My response: Do I really have a choice?

Grade 11 came around and evidently enough, all my electives were business-related. My parents weren’t happy but I knew what was best for me at the time. Of all the business electives I had, accounting came naturally to me. I was so good at it that I strived to work at the bank behind the counters and dealing with customers bank accounts. At least that’s what I thought the dream was. But the dream was actually bigger. The dream was to be a Chartered Accountant (US: CPA equivalent). I didn’t know what that entailed until a guest speaker came into our accounting class and discussed the fame and the fortune. Of course, naive teens fall for anything that can bring them “fame and fortune.”
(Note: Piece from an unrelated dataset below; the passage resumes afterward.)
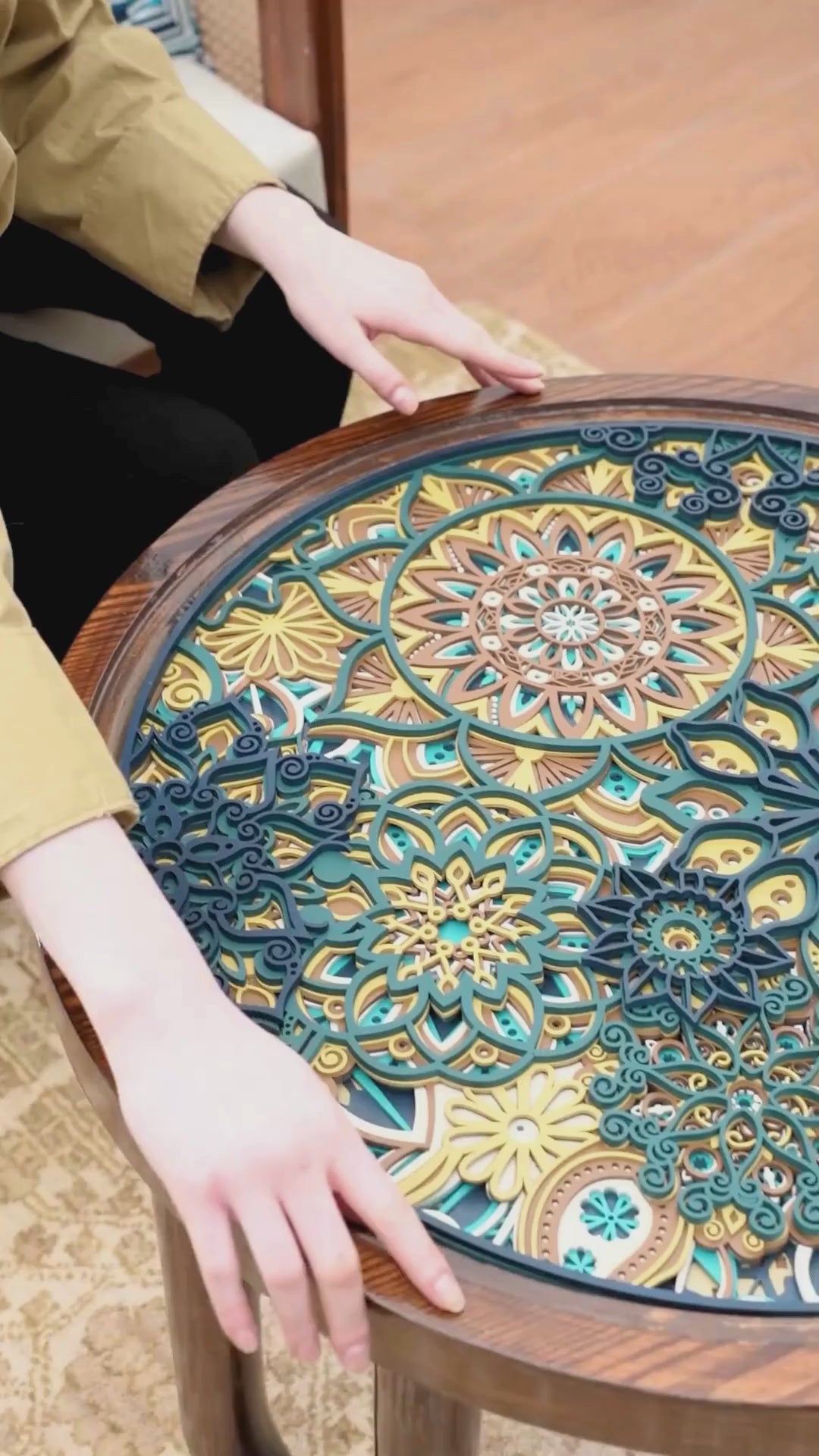The Vivid Harmony Mandala Table is a striking fusion of artisanal craft and sculptural design, featuring a multi-layered "Vivid Harmony" mandala encased beneath a sleek glass top. Its rich teal and ochre wooden layers create a mesmerizing 3D depth, beautifully framed by a warm walnut-toned rim and supported by four unique, U-shaped bentwood legs. This piece serves as both a functional coffee table and a meditative work of art, bringing a balanced, bohemian elegance to any contemporary living space.

By the time I arrived in university, being a professional accountant for one of the big four accounting firms was a bigger dream to a lot of people in my business program. So here I was back again, following that cycle of running with the masses striving to be what everyone else wants to be. Unlike high school, I was different in university. I knew I had something that made me stand out from the rest of my competition: my social skills.

I wasn’t the best public speaker, presenter, or anything of that sort. But I know how to connect to people. As much as accounting required you to be competent and knowledgable, you had to be just as social – if not more. And that’s what I had. So with that said, I among 50 other candidates out of thousands of applicants, landed a summer internship with one of the largest accounting firms. It was a celebratory moment.
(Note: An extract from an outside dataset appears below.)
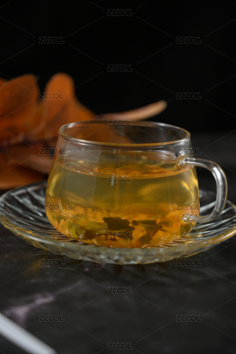 桌面上的杯子里的甘甜可口的茶花花茶

My summer internship was fun. To be honest, I felt like half the time we were fooling around and not actually working. But in the end, I did enough to impress because I eventually received a full-time offer. And here I am now:

  • more style
  • more make up, and
  • a career that many envies, especially those who don’t even have real jobs to this day

My parents were even proud of me. It took them awhile to understand what the heck my job was – but they were happy. And I was happy because they were happy.

Once work started, days became weeks, and weeks became months. I continued to lose sight as to why I am here. Is it possible to progressively lose faith in a career that I dreamed of having since Grade 11? After all the time and money that has been invested into already? And did I really define this path? Or was this path defined for me because it was safe?

This is where I am now in life. Can you relate?